Cell adhesion in desmosomes
Desmoplakin is a protein in humans that is encoded by the DSP gene. Desmoplakin is a critical component of desmosome structures in cardiac muscle and epidermal cells, which function to maintain the structural integrity at adjacent cell contacts. In cardiac muscle, desmoplakin is localized to intercalated discs which mechanically couple cardiac cells to function in a coordinated syncytial structure. Mutations in desmoplakin have been shown to play a role in dilated cardiomyopathy, arrhythmogenic right ventricular cardiomyopathy, striate palmoplantar keratoderma, Carvajal syndrome and paraneoplastic pemphigus.
Desmoplakin exists as two predominant isoforms; the first, known as "DPII", has molecular weight 260.0 kDa (2272 amino acids) and the second, known as "DPI", has molecular weight 332.0 kDa (2871 amino acids).
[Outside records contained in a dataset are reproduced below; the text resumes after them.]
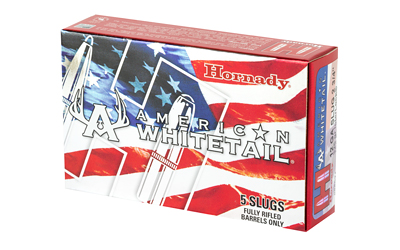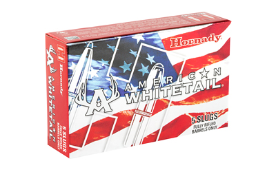 Designed for fully rifled barrels, Hornady American Whitetail(R) Slugs are loaded with 325-grain Hornady InterLock bullets. A hollow point serrated design initiates rapid expansion upon impact, and a tough, lead alloy core is lethal out to 200+ yards. The rigid polycarbonate sabot ensures accuracy. The end result is an accurate delivery system for a tough shotgun slug capable of taking the biggest midwestern whitetails.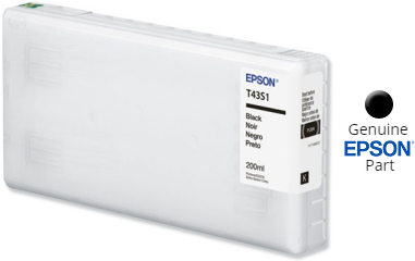 This Genuine Epson T43S1 K (T43S120, T43S) (200 ml) black ink cartridge is formulated for use in the Epson printer listed below. OEM Epson ink cartridges will not void your machine's warranty and are backed by the manufacturer guarantee.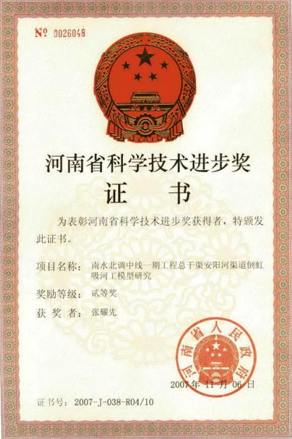 我院与华北水利水电学院联合承担的《南水北调中线一期总干渠安阳河渠道倒虹吸河工模型研究》项目继2007年8月获河南省教育厅科技成果一等奖之后,又获河南省科学技术进步二等奖。获此奖的共10人,其中我院5人,成员为张耀先、罗全胜、王勤香、张宇华、许新庆。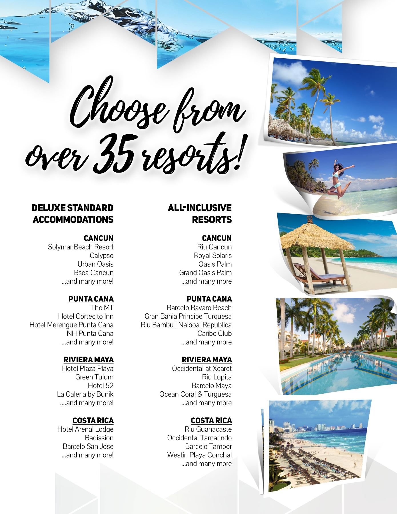 Seven day/six night deluxe accommodations for 2 adults. Choose from four exciting destinations:Cancun, Punta Cana, Costa Rica, Riviera Maya.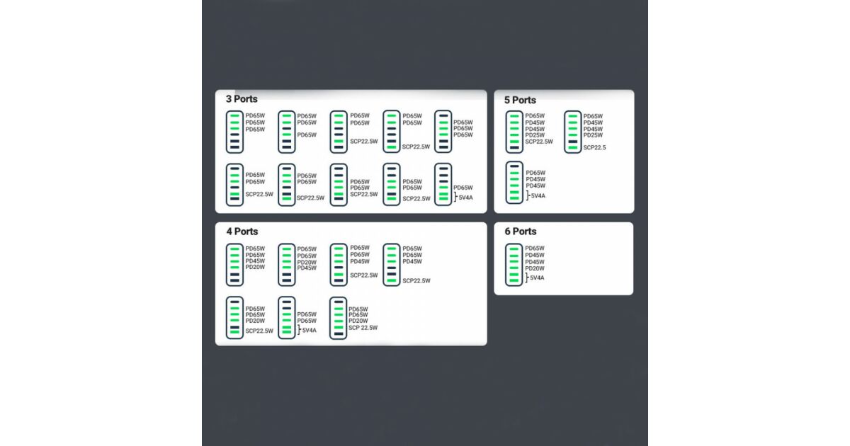 С мрежовото бързо зарядно UGREEN CD271 можете да зареждате до 6 устройства едновременно, така че вече не е нужно да чакате да се освободи контакт! Благодарение на GaN технологията, зарядното е не само ефективно, но и компактно.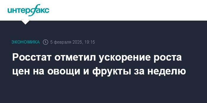 Москва. 5 февраля. INTERFAX.RU - В России с 28 января по 3 февраля фрукты и овощи подорожали на 0,8%, сообщил Росстат. По сравнению с предыдущей неделей (рост на 0,5%) темпы роста ускорились.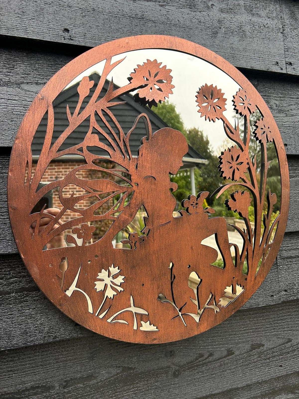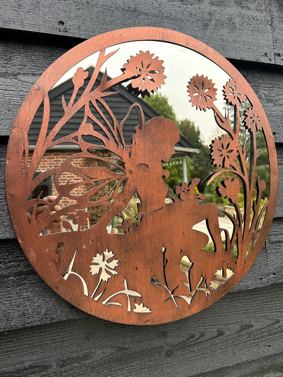 50cm Wall Art Mirror Bronze Fairy Fairies Garden Home

These isoforms are identical except for the shorter rod domain in DPII. DPI is the predominant isoform expressed in cardiac muscle. The DSP gene is located on chromosome 6p24.3, containing 24 exons and spanning approximately 45 kDa of genomic DNA. Desmoplakin is a large desmosomal plaque protein that homodimerizes and adopts a dumbbell-shaped conformation. The N-terminal globular head domain of desmoplakin is composed of a series of alpha helical bundles, and is required for both the localization to the desmosome and interaction with the N-terminal region of plakophilin 1 and plakoglobin as well as desmocollin and desmoglein. This is further sub divided into a region called the "Plakin domain" made up of six spectrin repeat domains separated by SH3 domain. A crystal structure of part of the plakin domain has been resolved, while the entire plakin domain has been elucidated using small angle X-ray scattering which revealed a non-linear structure, an unexpected result considering spectrin repeats are observed in linear orientations. The C-terminal region of desmoplakin is composed of three plakin repeat domains, termed A, B and C, which are essential for coalignment and binding of intermediate filaments. Located at the most distal C-terminus of desmoplakin is a region rich in glycine–serine–arginine; it has been demonstrated that serine phosphorylation of this domain may modify desmoplakin-intermediate filament interactions. In the mid-region of desmoplakin, a coiled-coil rod domain is responsible for homodimerization.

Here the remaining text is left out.